> **TASK**: Output the listing word for word, minus images.
◆ ◆ ◆ ◆ ◆ ◆ ◆
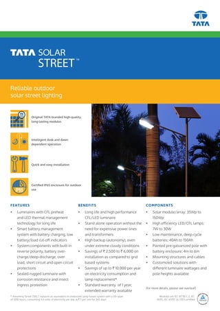 The document outlines the features and benefits of Tata Power Solar's outdoor solar street lighting systems, emphasizing their reliability, cost-effectiveness, and high-performance technology. These systems include advanced battery management, protective components, and various specifications suited for different applications while promoting significant savings on installation and electricity costs. Tata Power Solar aims to expand solar energy access through efficient and customized solutions, backed by over 25 years of experience and a nationwide support network.
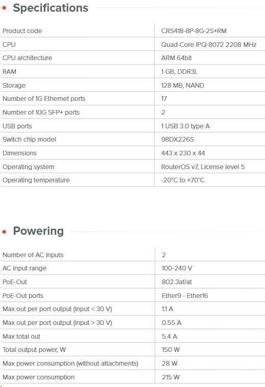 PoE CRS switch s 16x Gbps LAN (8 z nich s POE-out) , 2x 10Gbps SFP+, 1x USB 3.0 a dvěma RJ45 porty (management a konzole) v rack provedení. CRS418-8P-8G-2S+RM je dostatečně výkonný na to, aby nahradil většinu routerů pro malé a střední kanceláře. Vhodný především pro hybridní sítě na 2/3 vrstvě - ať už segmentujete síť pomocí VLAN, nebo mezi nimi routujete. Díky čtyřjádrovému procesoru ARM s frekvencí 2,2 GHz, HW offloading L3 a systému RouterOS v7 jej můžete používat jako internetovou bránu, firewall, a dokonce i jako řadič CAPsMAN. Využít můžete 8 PoE-out portů (802.3af/at a 24V pasivní PoE-out) pro napájení zařízení přímo ze switche s až 150 W celkového výkonu, inteligentním řízením PoE a omezením proudu na port. Praktické řešení pro instalace vyžadující nepřetržitý provoz s enormními objemy dat Technické specifikace: Product code: CRS418-8P-8G-2S+RM CPU: Quad-Core IPQ-8072 2208 MHz Size of RAM: 1 GB, DDR3L Storage: 128 MB, NAND Number of 1 GbE Ethernet ports: 17 10G SFP+ ports: 2 USB ports: 1 USB 3.0 type A Operating system: RouterOS v7 (License level 5) Supported input voltage: 2x AC power supply 100 - 240 V Dimensions: 443 x 230 x 44 mm Operating temperature: -20°C to +70°C Napájecí specifikace: PoE-out: 802.3af/at PoE-out ports: Ether9 - Ether16 Max out per port output (input < 30 V) : 1.1 A Max out per port output (input > 30 V): 0.55 A Max total out : 5.4 A Total output power, W: 150 W Max power consumption: 215 W Max power consumption without attachments: 28 W Upozornění: Výrobce MIKROTIK nevztahuje záruku na zařízení poškozená přepětím. Zařízení je třeba na vstupech adekvátně chránit proti indukovanému elektrostatickému přepětí či přepěťovým špičkám na silovém vedení. Při venkovních instalacích je třeba používat stíněnou kabeláž (FTP/SFTP), příslušné přepěťové ochrany (pokud nejsou integrovány) a provést korektní a efektivní uzemnění. Zařízení vždy provozujte s poslední výrobcem publikovanou verzí (výrobcem označenou "Stable") operačního systému RouterOS. Taková verze garantuje nejoptimálnější funčknost, obsahuje opravené chyby z verzí předchozích a výkonová vylepšení. .
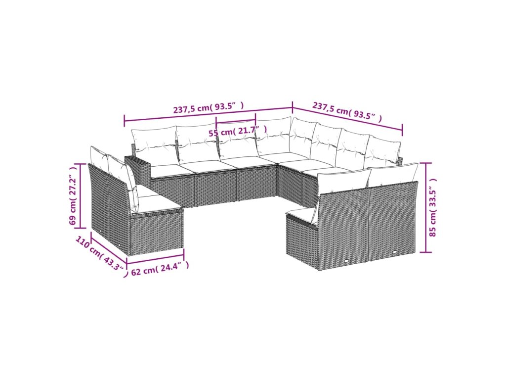 Tato zahradní sedací souprava je dokonalým doplňkem vaší zahrady, terasy nebo dvorku a poskytne vám pohodlné a příjemné místo, kde si můžete povídat s rodinou a přáteli nebo jen tak odpočívat a užívat si pobyt venku.
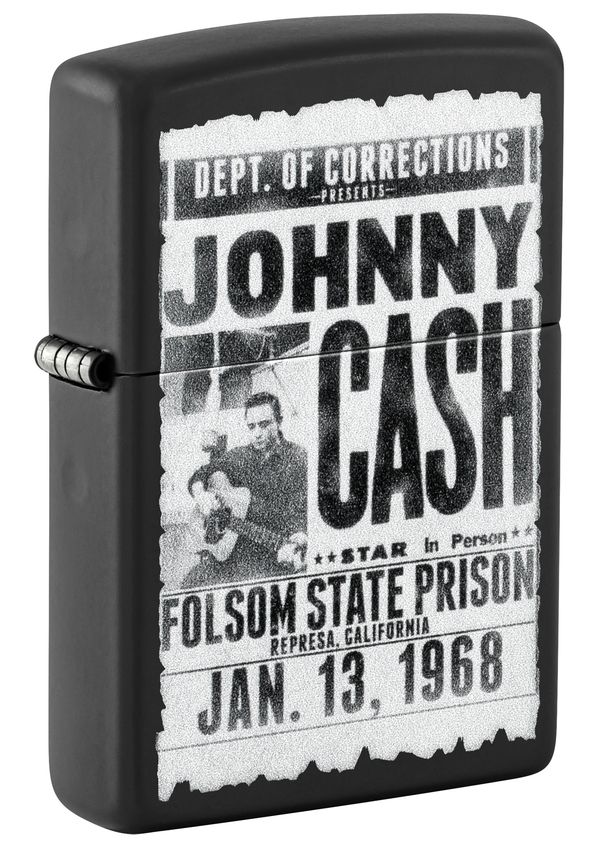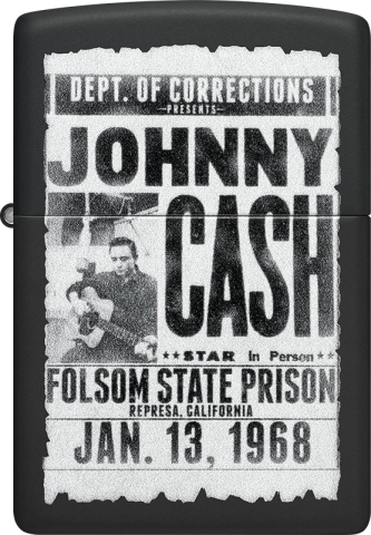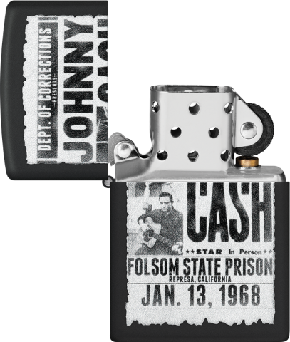 打火機正面採用全彩印刷設計,重現了他在福爾森州立監獄舉辦的傳奇演唱會海報,展現出他獨特低沉嗓音與叛逆精神的標誌性風格。
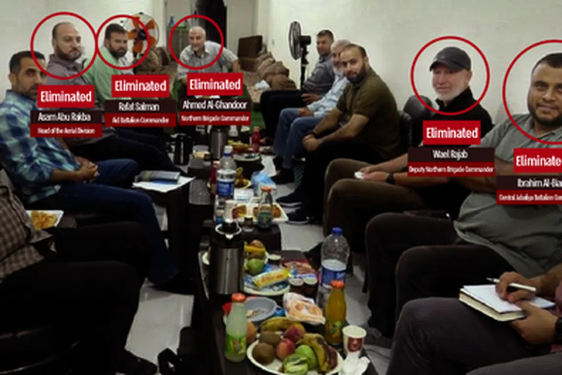 Sayap tentera Hamas, Briged al-Qassam, mengesahkan bulan lalu bahawa sekurang-kurangnya tiga lelaki dalam gambar itu telah terbunuh, termasuk Encik Ahmed al-Ghandour, pemimpin tentera utara Gaza yang dikenali sebagai Abu Anas, dan timbalannya, Encik Wael Rajab. Seorang lagi ialah Encik Rafet Salman, seorang komander batalion Hamas.
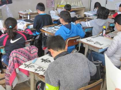 5年4組では,習字の時間に「希望」という字を書いていました。
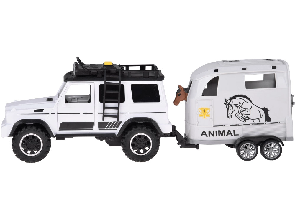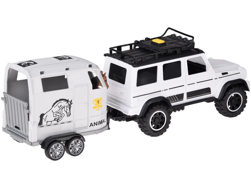- Set di giocattoli: fuoristrada + rimorchio per cavalli + figurina di cavallo
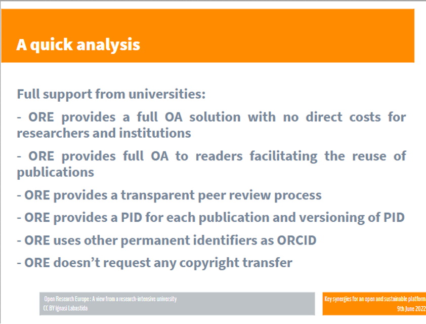 Moreover, Ignasi Labastida highlighted that university libraries have always been the stronghold of Open Access and can collect and assess feedback from researchers and can address the questions and concerns about publication at ORE.
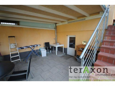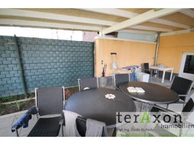 Hinter dem Haus befindet sich eine überdachte Terrasse.
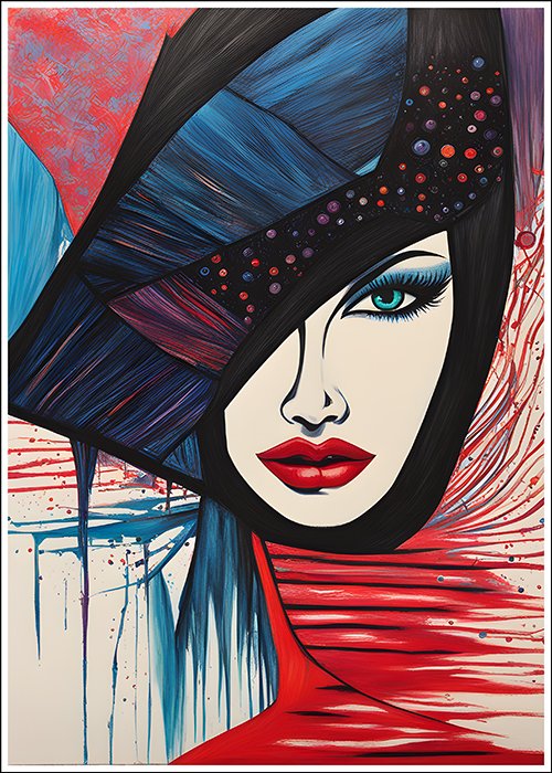 Plakat Kobieta w czerwieni – Sztuka, Nowoczesny, Papier plakatowy, Wykończenie matowe, Bez ramy
◆ ◆ ◆ ◆ ◆ ◆ ◆
> **ANSWER SECTION**:
 The document outlines the features and benefits of Tata Power Solar's outdoor solar street lighting systems, emphasizing their reliability, cost-effectiveness, and high-performance technology. These systems include advanced battery management, protective components, and various specifications suited for different applications while promoting significant savings on installation and electricity costs. Tata Power Solar aims to expand solar energy access through efficient and customized solutions, backed by over 25 years of experience and a nationwide support network.
 PoE CRS switch s 16x Gbps LAN (8 z nich s POE-out) , 2x 10Gbps SFP+, 1x USB 3.0 a dvěma RJ45 porty (management a konzole) v rack provedení. CRS418-8P-8G-2S+RM je dostatečně výkonný na to, aby nahradil většinu routerů pro malé a střední kanceláře. Vhodný především pro hybridní sítě na 2/3 vrstvě - ať už segmentujete síť pomocí VLAN, nebo mezi nimi routujete. Díky čtyřjádrovému procesoru ARM s frekvencí 2,2 GHz, HW offloading L3 a systému RouterOS v7 jej můžete používat jako internetovou bránu, firewall, a dokonce i jako řadič CAPsMAN. Využít můžete 8 PoE-out portů (802.3af/at a 24V pasivní PoE-out) pro napájení zařízení přímo ze switche s až 150 W celkového výkonu, inteligentním řízením PoE a omezením proudu na port. Praktické řešení pro instalace vyžadující nepřetržitý provoz s enormními objemy dat Technické specifikace: Product code: CRS418-8P-8G-2S+RM CPU: Quad-Core IPQ-8072 2208 MHz Size of RAM: 1 GB, DDR3L Storage: 128 MB, NAND Number of 1 GbE Ethernet ports: 17 10G SFP+ ports: 2 USB ports: 1 USB 3.0 type A Operating system: RouterOS v7 (License level 5) Supported input voltage: 2x AC power supply 100 - 240 V Dimensions: 443 x 230 x 44 mm Operating temperature: -20°C to +70°C Napájecí specifikace: PoE-out: 802.3af/at PoE-out ports: Ether9 - Ether16 Max out per port output (input < 30 V) : 1.1 A Max out per port output (input > 30 V): 0.55 A Max total out : 5.4 A Total output power, W: 150 W Max power consumption: 215 W Max power consumption without attachments: 28 W Upozornění: Výrobce MIKROTIK nevztahuje záruku na zařízení poškozená přepětím. Zařízení je třeba na vstupech adekvátně chránit proti indukovanému elektrostatickému přepětí či přepěťovým špičkám na silovém vedení. Při venkovních instalacích je třeba používat stíněnou kabeláž (FTP/SFTP), příslušné přepěťové ochrany (pokud nejsou integrovány) a provést korektní a efektivní uzemnění. Zařízení vždy provozujte s poslední výrobcem publikovanou verzí (výrobcem označenou "Stable") operačního systému RouterOS. Taková verze garantuje nejoptimálnější funčknost, obsahuje opravené chyby z verzí předchozích a výkonová vylepšení. .
 Tato zahradní sedací souprava je dokonalým doplňkem vaší zahrady, terasy nebo dvorku a poskytne vám pohodlné a příjemné místo, kde si můžete povídat s rodinou a přáteli nebo jen tak odpočívat a užívat si pobyt venku.
 打火機正面採用全彩印刷設計,重現了他在福爾森州立監獄舉辦的傳奇演唱會海報,展現出他獨特低沉嗓音與叛逆精神的標誌性風格。
 Sayap tentera Hamas, Briged al-Qassam, mengesahkan bulan lalu bahawa sekurang-kurangnya tiga lelaki dalam gambar itu telah terbunuh, termasuk Encik Ahmed al-Ghandour, pemimpin tentera utara Gaza yang dikenali sebagai Abu Anas, dan timbalannya, Encik Wael Rajab. Seorang lagi ialah Encik Rafet Salman, seorang komander batalion Hamas.
 5年4組では,習字の時間に「希望」という字を書いていました。
- Set di giocattoli: fuoristrada + rimorchio per cavalli + figurina di cavallo
 Moreover, Ignasi Labastida highlighted that university libraries have always been the stronghold of Open Access and can collect and assess feedback from researchers and can address the questions and concerns about publication at ORE.
 Hinter dem Haus befindet sich eine überdachte Terrasse.
 Plakat Kobieta w czerwieni – Sztuka, Nowoczesny, Papier plakatowy, Wykończenie matowe, Bez ramy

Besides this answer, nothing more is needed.